Words and Photos: Jeff Kardas
Indianapolis' new Lucas Oil Stadium made for some good opportunities to make good photos. There was a lot of light floating around in there, and that made things much easier to shoot with available light. I had my buddy Carl Stone hold the light meter for me and take a reading: that's ISO1000, 1/500th and F/3.6! That's incredibly bright for an indoor stadium at night, and we were all loving it. It's a full two stops brighter than most indoor races out east.
Track access wasn't too terribly bad either (marked in green on the pic below), and the track layout made for a lot of great chances for unique pictures, too. On each side and the ends (where we all mostly hung out) there were different shots available due to there being whoops on one side (with a nice sand turn leading into them, plus the big wall jump), a rhythm section on the other, with some nice take-off shots available on the lead-in jump among others. On the ends was that big huckin' double and two sweepers in and out of it, and on the other end... nothing much.
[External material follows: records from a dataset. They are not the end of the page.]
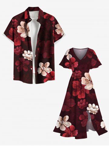 Plus Size Ombre Floral Print Hawaii Split Pocket A Line Midi Dress - Deep Red - L
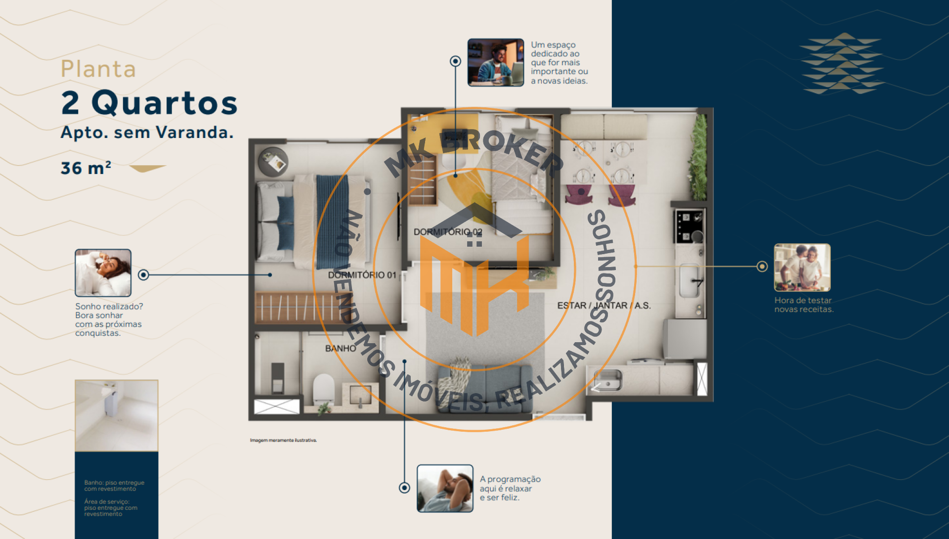 Metragem: Apartamentos inteligentes com área privativa de 36 m²;
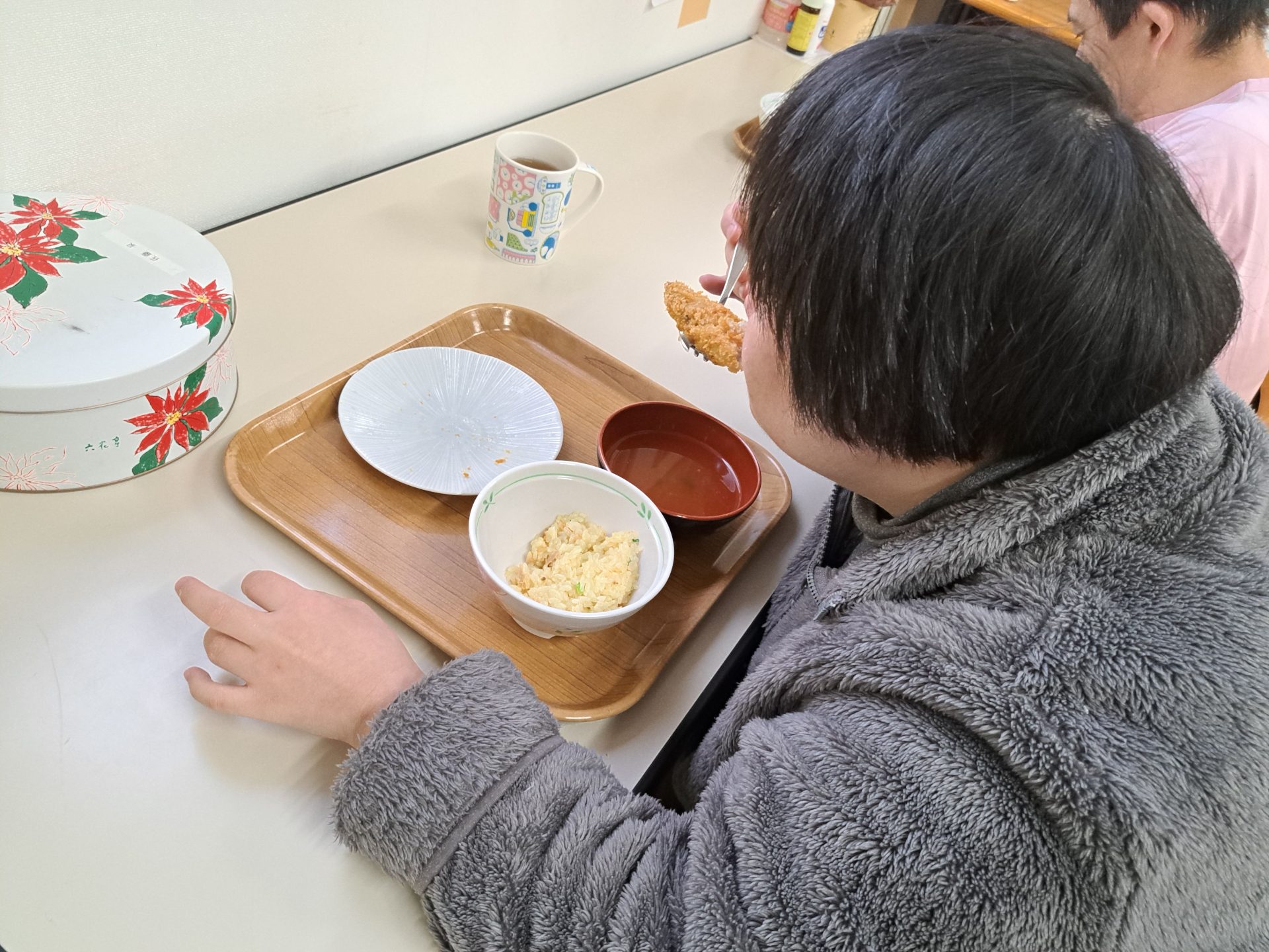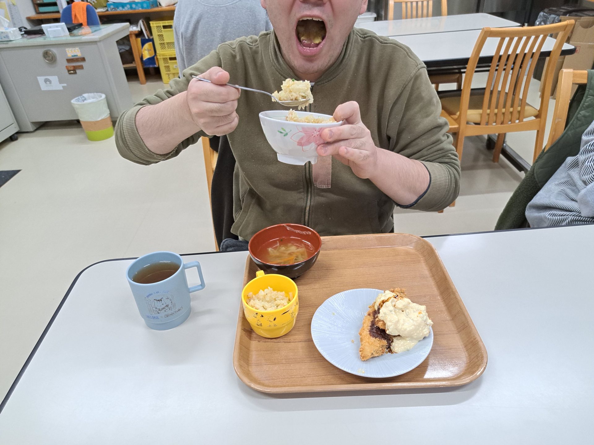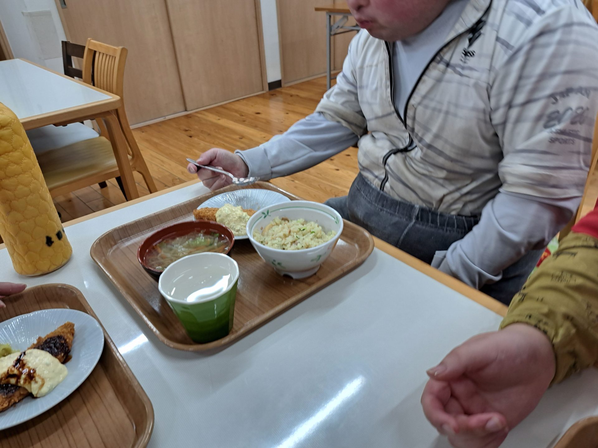 実習生さんもおいしそうに食べてくれて嬉しい♪さくらが丘の給食は最高だよ~(*´▽`*)
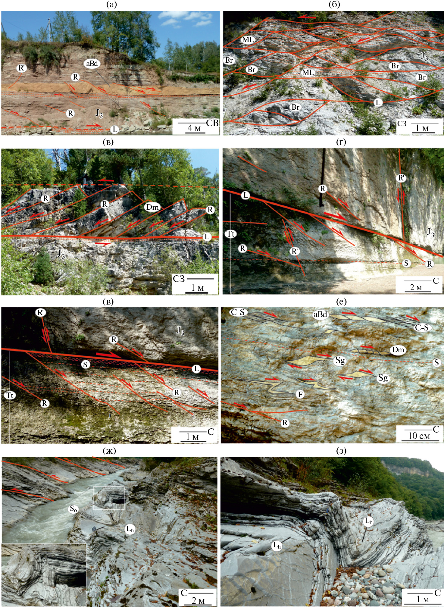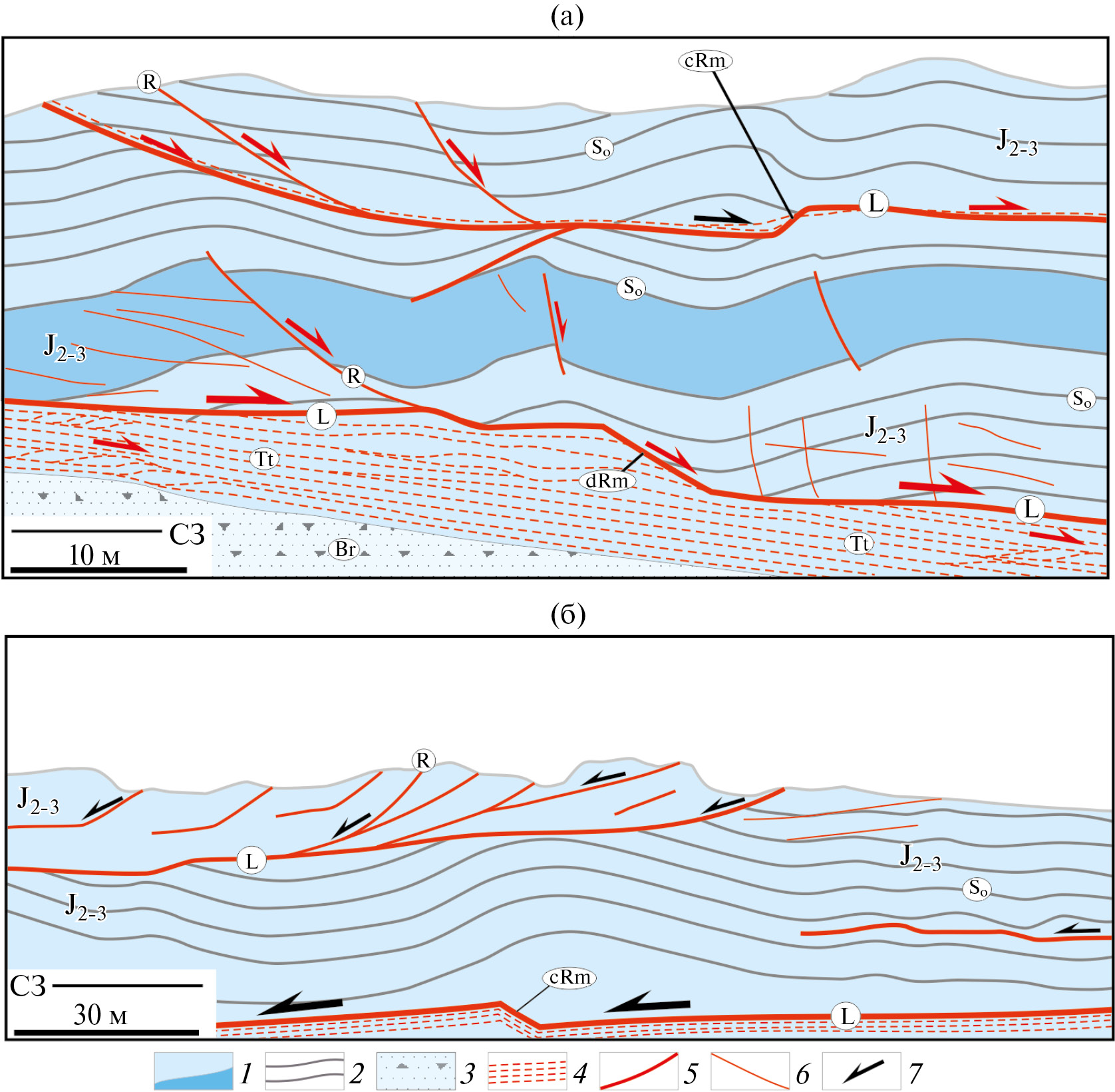 Эти породы относительно слабо дислоцированы, образуют открытые складки и пологие моноклинали, но вдоль тектонических нарушений интенсивность их деформаций существенно возрастает. При этом здесь проявлены сжатые складки, кливаж и разрывные нарушения взбросо- и сбросо-сдвиговой кинематики. В строении юрских толщ участвуют надвиги и покровы, а также связанные с ними мелкие асимметричные складки (см. рис. 3).
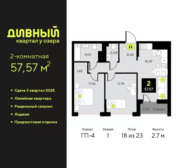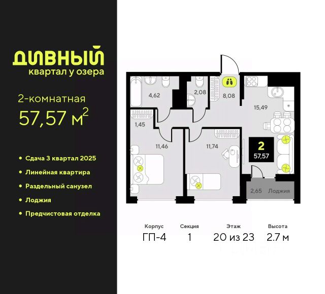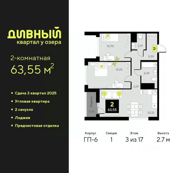 Просторная двухкомнатная квартира с предчистовой отделкой в ЖК "Дивный квартал у озера" на 10 этаже. Общая площадь: 63.55 кв.м., жилая: 25.23 кв.м., площадь просторной кухни-столовой: 20.21 кв.м. Угловая квартира, очень светлая, естественная вентиляция при открытии окон. В квартире одна лоджия, один совмещенный и один раздельный санузел. Высота потолков 2.7 м. Квартира будет сдаваться с предчистовой отделкой White Box: выровнены и оштукатурены стены, проведено электричество и отопление, установлены радиаторы. Вы также можете приобрести квартиру с ремонтом от застройщика, представленным в трех цветовых решениях Scandi, Wood и Coffee и включающим: ламинат, обои под покраску, двери, натяжной потолок, санузел с сантехникой. При желании вы можете заказать отделку под ключ, варианты возможных решений представлены в альбоме фотографий. Дом монолитный, трехподъездный, переменной этажности, от 9 до 17 этажей. Квартира находится в 1-й секции высотой 17 этажей в корпусе ГП-6. На этаже 8 квартир. В подъезде 1 пассажирский и 1 грузовой лифт. Окончание строительства - 4 квартал 2025 года. Оформление сделки по договору долевого участия. "Дивный квартал у озера" современный жилой квартал, удобно расположенный в 10-ти минутах от центра Тюмени, в уютном районе рядом с зеленым массивом и озером Алебашево. Комплекс находится между улицами Мельникайте и Алебашевская, что обеспечивает его хорошую транспортную доступность до центра на автомобиле всего 10 минут. Рядом с комплексом расположен Лесопарк имени Гагарина, экзотический Парк дружбы между Россией и Республикой Корея. "Дивный квартал у озера" объединяет архитектуру современной городской застройки и природную эстетику. Уютные дворы жилого комплекса будут не только безопасными, но и тихими. Закрытая территория надёжно защищена от шума и посторонних глаз. Здесь будут места для отдыха, детские площадки, зоны для выгула собак. В холлах первого этажа расположены мягкая зона ожидания, общественные санузлы и просторная колясочная. Квартал будет располагать богатой инфраструктурой: на первых этажах домов разместятся магазины, пекарни, кофейни, пункты выдачи, аптеки, детские центры, цветочные салоны и многое другое, что сделает жизнь поистине комфортной. В комплексе есть теплый подземный паркинг и кладовые. #24AblB
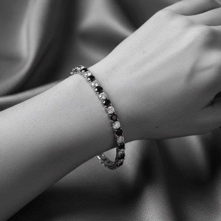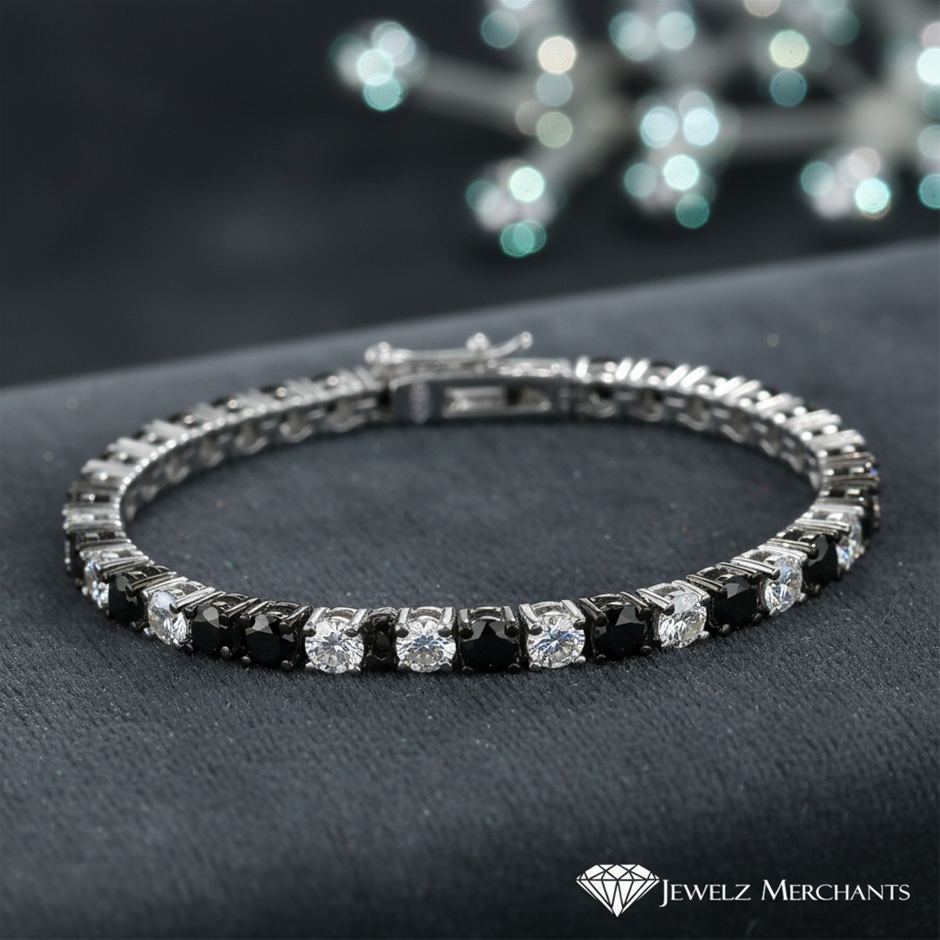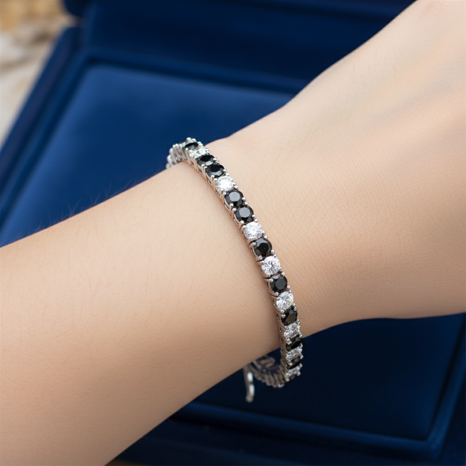 GRA Moissanite white & Black Brilliant Cut stone Tennis Bracelet -S925-17.3cm
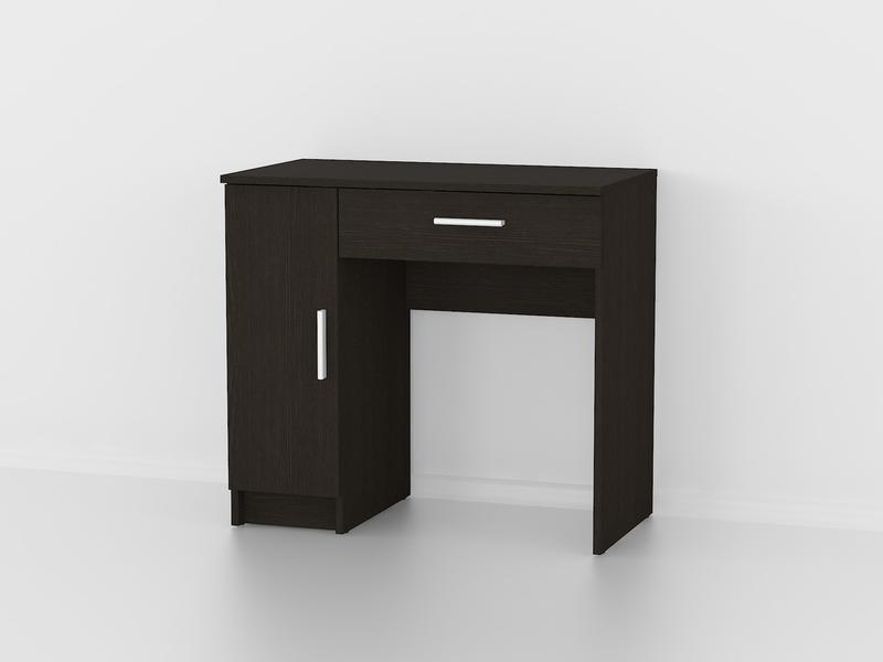 Cтол туалетный с тумбой и одним ящиком 0061. Компактный столик для макияжа с тумбой на 1 дверку (за дверкой полка) и ящиком. Также можно использовать, как компьютерный стол. Материал: ДСП Ламинированое 16мм Направляющие: Телескопические. Размеры (Ш/В/Г) : Ш 802 / В 736 / Г 440 мм Отправляем в разобранном виде Новой Почтой по всей Украине В комплекте вся необходимая фурнитура и пошаговая схема сборки Вес: 28 кг

We could even go inside the track interior a bit, but shooting wasn't so hot there except for a golden moment during the first practice when they took the big pole down on the curve-double jump and there was no T.V. video guy there hogging that section. See below for the results of that. I used an off-camera flash too, a Quantum X2D, and it worked great (for a change). I hand-held it as far away from the camera as my arm would allow, since the Feld floor jacks are not allowing us to setup any sort of off-camera flash during practice or any other time anymore. The chance to shoot that jump like this went away shortly after I did it, so I'm glad I spent the entire practice session shooting it since it was a beauty of a spot.